4. Svíčková, Czech Republic
There are not many Czech traditional dishes that would be based around chicken, but duck? That’s a completely different story. What do you think of at a notion of a “typical Czech meal”? No matter what exactly, beef sirloin with cream sauce will definitely rank in top 5, Buzzers! Svíčková, or svíčková na smetaně (beef sirloin in cream sauce), is a typical Czech dish and one of the most popular Czech meals in the world. Svíčková na smetaně is a hearty dish typically eaten during the cold winter The beef is slow cooked with a variety of root vegetables, traditionally onions, carrots, celeriac, leeks and turnips to create a substantial tender and flavorsome dish. In many Czech restaurants, Svíčková na smetaně is often served with a cream (smetana) topping, cranberry sauce and a slice of lemon. Knedliky (bread dumplings) often accompany the dish, and they are used to soak up the root vegetable sauce.
5. Kokoda, Fiji
Fijians prefer a more tuber and coconut based diet. It is also famous for its seafood. Kokoda (pronounced as CORE-CONDAA) is fresh “Mahi-Mahi” fish marinated in freshly squeezed lemon juice and left to cook for several hours. Fresh coconut cream is then added to give it a creamy flavour along with finely diced tomatoes, spring onions, chillies and with salt and pepper. Fijians love their Kokoda to be spicy, but you can request the locals to go easy on chilies. In Fiji, they traditionally serve Kokoda in a large clamshell or half a coconut shell.
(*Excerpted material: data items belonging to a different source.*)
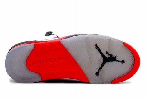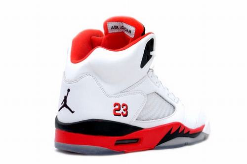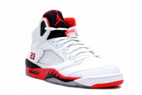 The Air Jordan 5 (V) Retro Fire Red ( White / Fire Red / Black ) 136027-162 was released in December 2006. They are a bit different from the Retro Fire Reds released in 2000, as they don’t feature an all black midsole, but instead a combination of red and black, with a white toe, and a clear outsole. They also feature a "3″ stitched into the heel of the shoe, as well as the Jumpman logo at the back.
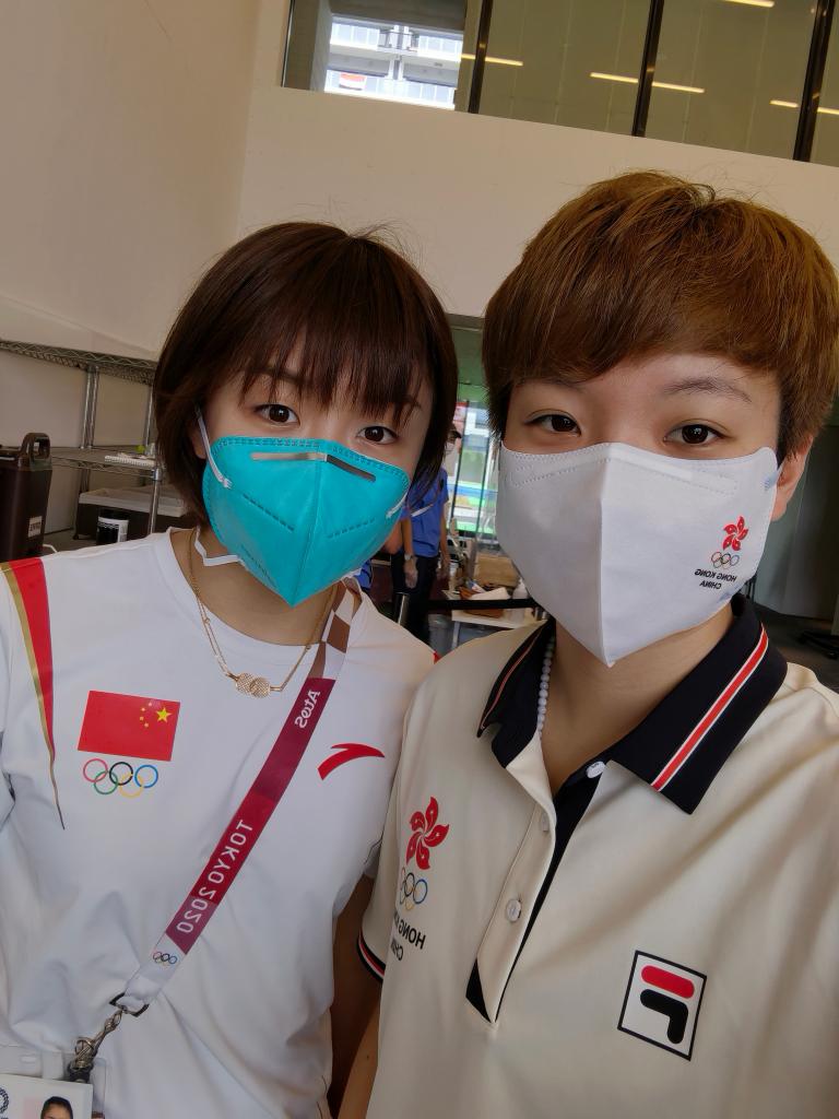 杜凱琹(右)與中國(guó)隊(duì)運(yùn)動(dòng)員陳夢(mèng)合影。受訪者供圖
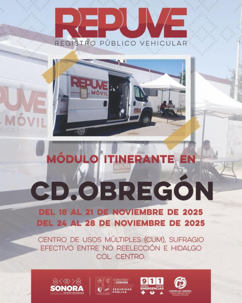 En apoyo a las y los habitantes de Ciudad Obregón interesados en realizar el trámite de regularización de autos usados de procedencia extranjera, se instalará el módulo itinerante del Registro Público Vehicular (Repuve) durante dos semanas, informó la Secretaría de Seguridad Pública (SSP) en Sonora.
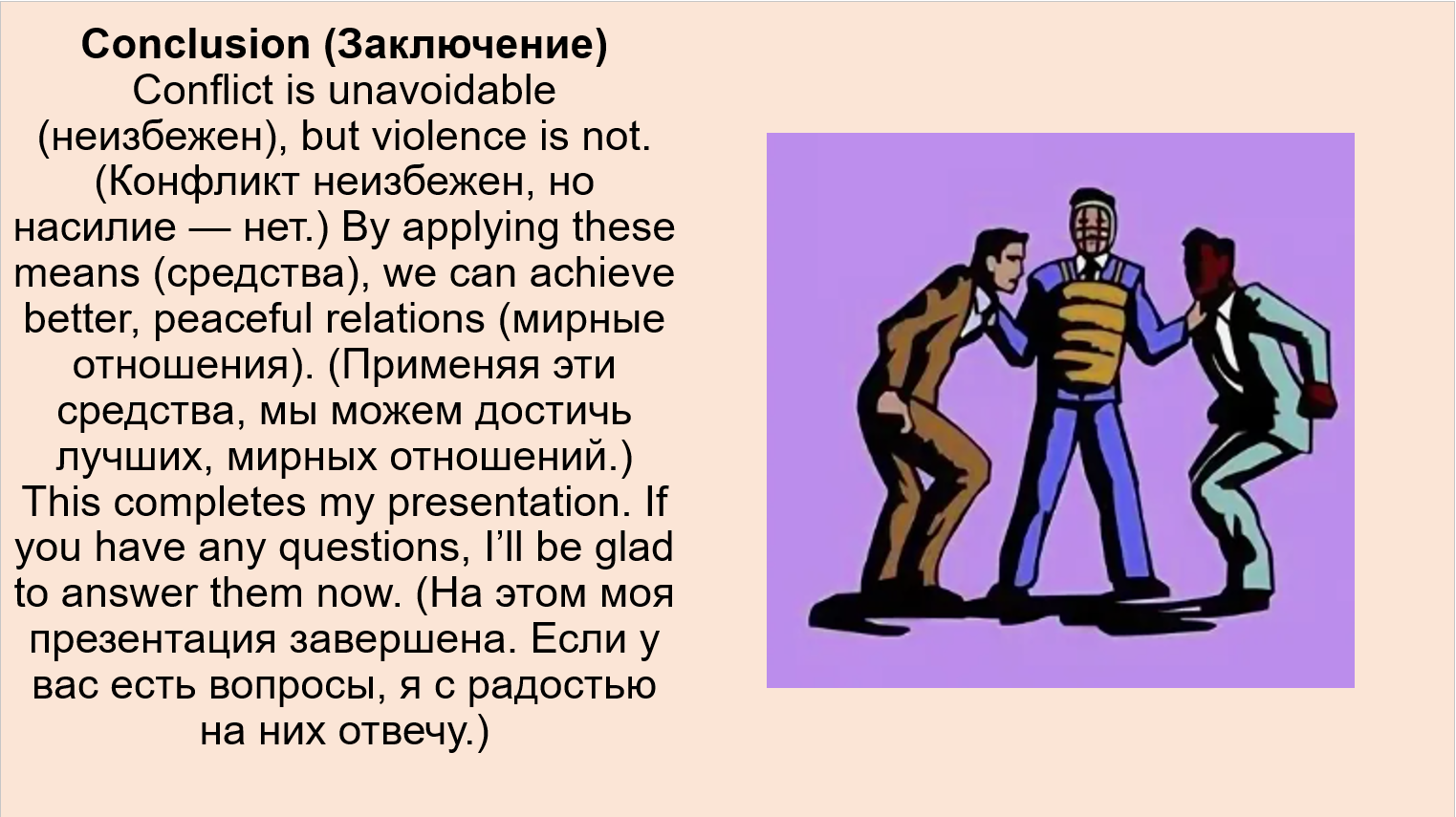 49. Speak about the resolution of the conflict: (Расскажи о разрешении конфликта:)

6. Mustikkapiirakka (blueberry pie), Finland
In July and August bilberries paint the Finnish forest. They are everywhere and could cause a sense of panic if you are not used to seeing them in such abundance. Although all Finnish berries can be made into delicious pies, bilberries served with fresh milk are the one known and adored by all. Mustikkapiirakka or blueberry pie is yet another popular Finnish thing, usually eaten for dessert and often found in cafe’s if you’re eager to taste this. The simplest way to make this is by making a simple short crust pastry, laying it on a pie baking round, mixing frozen blueberries with powdered sugar and potato flour, place them on top of the pastry, and bake it till the crust is cooked. So simple and so yummy Buzzers.
7. Flija, Kosovo
Flija is served with sour milk or yoghurt, pickled vegetables, cheese, honey, jam or ajvar (a spicy homemade spread). Flija may be the most complex simple dish. It takes about five hours to make one, and maybe you can leave it to bake, lol well talking five hours of constant work and attention. It is made by pouring alternating layers of thin batter (in triangle patterns) and cream into a circular pan, and baking each layer one at a time with a special lid that is either electric or covered in hot coals. So delish!